Segment Start: Supplied material

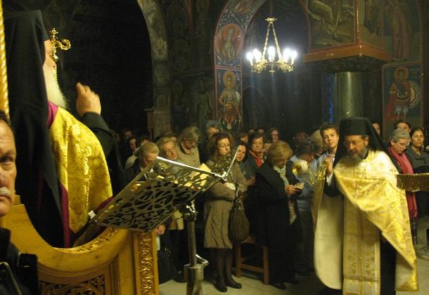 Στην Ακολουθία του Ακαθίστου Ύμνου χοροστάτησε ο Καθηγούμενος της Μονής, Σεβ. Μητροπολίτης Θερμοπυλών κ. Ιωάννης. Ο Σεβασμιώτατος στη σύντομη προσλαλιά του τόνισε ότι «οι στίχοι και η μελωδία των Χαιρετισμών, ευφραίνουν την καρδιά μας και τη γεμίζουν με χαρά, ζωή και ελπίδα, που τα έχουμε τόσο πολύ ανάγκη.
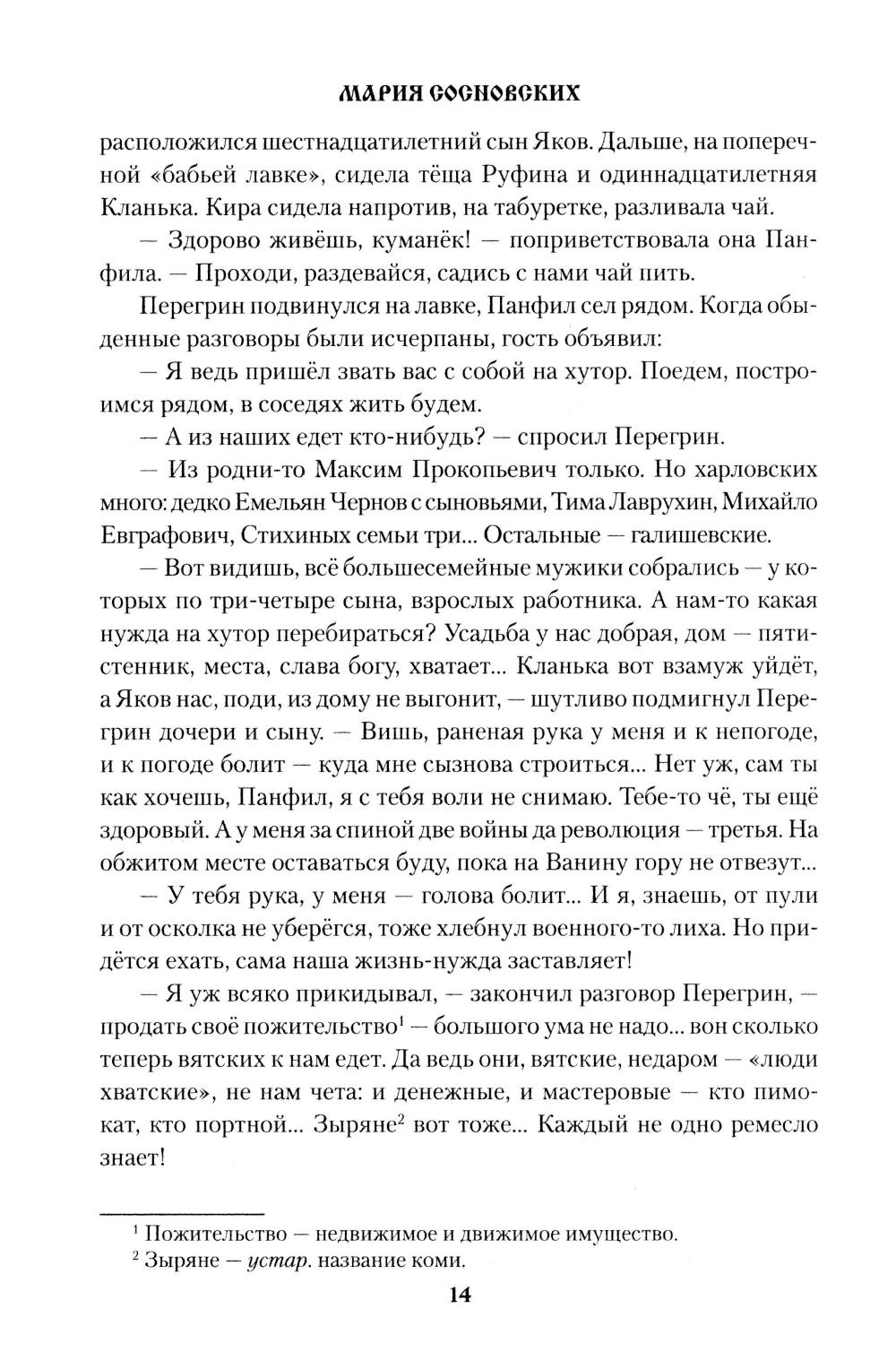 Заключительный роман эпической трилогии Марии Сосновских рассказывает о событиях первой половины ХХ века. Вместе с двумя предыдущими книгами, «Переселенцы» и «Чертята», трехтомник представляет собой уникальную энциклопедию быта, традиций, обычаев, истории, религиозных воззрений и трудовых навыков русского народа. На примере крестьянского рода Елпановых автор рисует картину истории России. Действие трилогии начинается в 1724 году, а заканчивается 9 мая 1945 года - в день окончания Великой Отечественной войны.| Издательство | Вече |
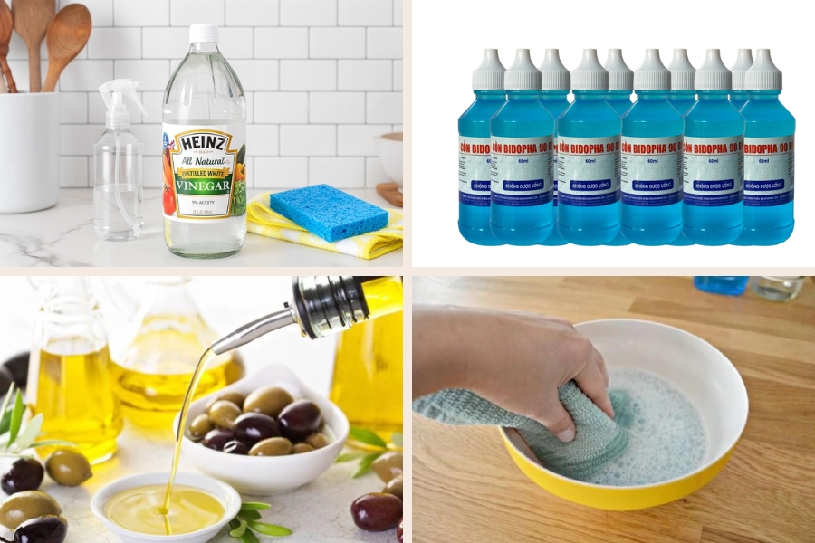 Luôn thử dung dịch (dầu ăn, giấm, chanh, baking soda…) lên một góc nhỏ không lộ diện trước khi dùng lên toàn bộ bề mặt.
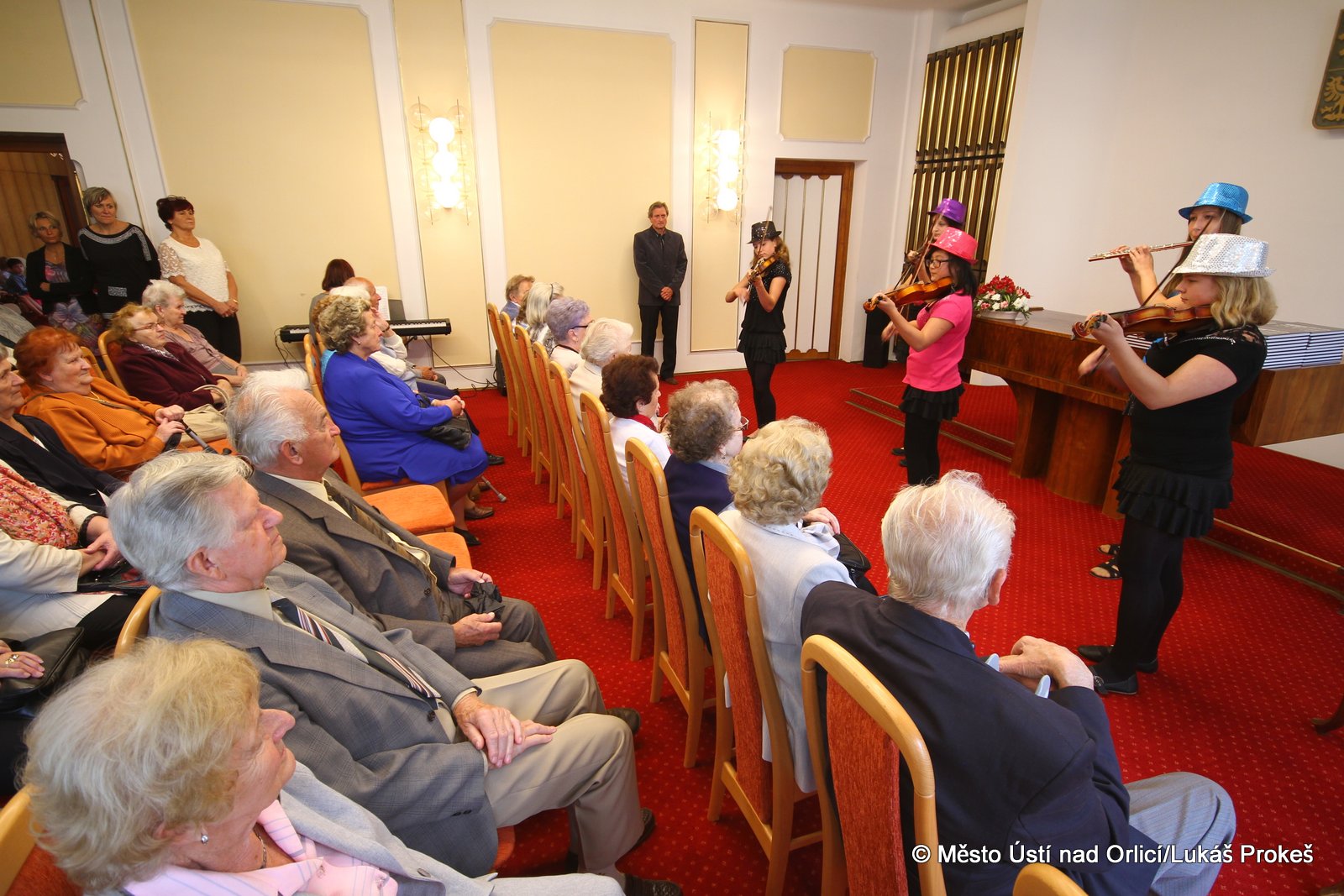 V úterý 23. září v odpoledních hodinách se již tradičně uskutečnilo setkání obyvatel města Ústí nad Orlicí, kteří v letošním roce dovršili 80 let věku. Slavnostní přijetí starostou města Petrem Hájkem proběhlo v obřadní síni naší radnice. V letošním roce bylo pozváno celkem 91 oslavenců, zúčasnilo se jich 48, ostatní se omluvili ze zdravotních nebo jiných důvodů. Program byl obohacen vystoupením dětí z Mateřské školy Heranova v Ústí nad Orlicí a žáků Základní umělecké školy v Ústí nad Orlicí.

Segment End: Supplied material

Write the listing above out again exactly, but not the images it holds.

 Στην Ακολουθία του Ακαθίστου Ύμνου χοροστάτησε ο Καθηγούμενος της Μονής, Σεβ. Μητροπολίτης Θερμοπυλών κ. Ιωάννης. Ο Σεβασμιώτατος στη σύντομη προσλαλιά του τόνισε ότι «οι στίχοι και η μελωδία των Χαιρετισμών, ευφραίνουν την καρδιά μας και τη γεμίζουν με χαρά, ζωή και ελπίδα, που τα έχουμε τόσο πολύ ανάγκη.
 Заключительный роман эпической трилогии Марии Сосновских рассказывает о событиях первой половины ХХ века. Вместе с двумя предыдущими книгами, «Переселенцы» и «Чертята», трехтомник представляет собой уникальную энциклопедию быта, традиций, обычаев, истории, религиозных воззрений и трудовых навыков русского народа. На примере крестьянского рода Елпановых автор рисует картину истории России. Действие трилогии начинается в 1724 году, а заканчивается 9 мая 1945 года - в день окончания Великой Отечественной войны.| Издательство | Вече |
 Luôn thử dung dịch (dầu ăn, giấm, chanh, baking soda…) lên một góc nhỏ không lộ diện trước khi dùng lên toàn bộ bề mặt.
 V úterý 23. září v odpoledních hodinách se již tradičně uskutečnilo setkání obyvatel města Ústí nad Orlicí, kteří v letošním roce dovršili 80 let věku. Slavnostní přijetí starostou města Petrem Hájkem proběhlo v obřadní síni naší radnice. V letošním roce bylo pozváno celkem 91 oslavenců, zúčasnilo se jich 48, ostatní se omluvili ze zdravotních nebo jiných důvodů. Program byl obohacen vystoupením dětí z Mateřské školy Heranova v Ústí nad Orlicí a žáků Základní umělecké školy v Ústí nad Orlicí.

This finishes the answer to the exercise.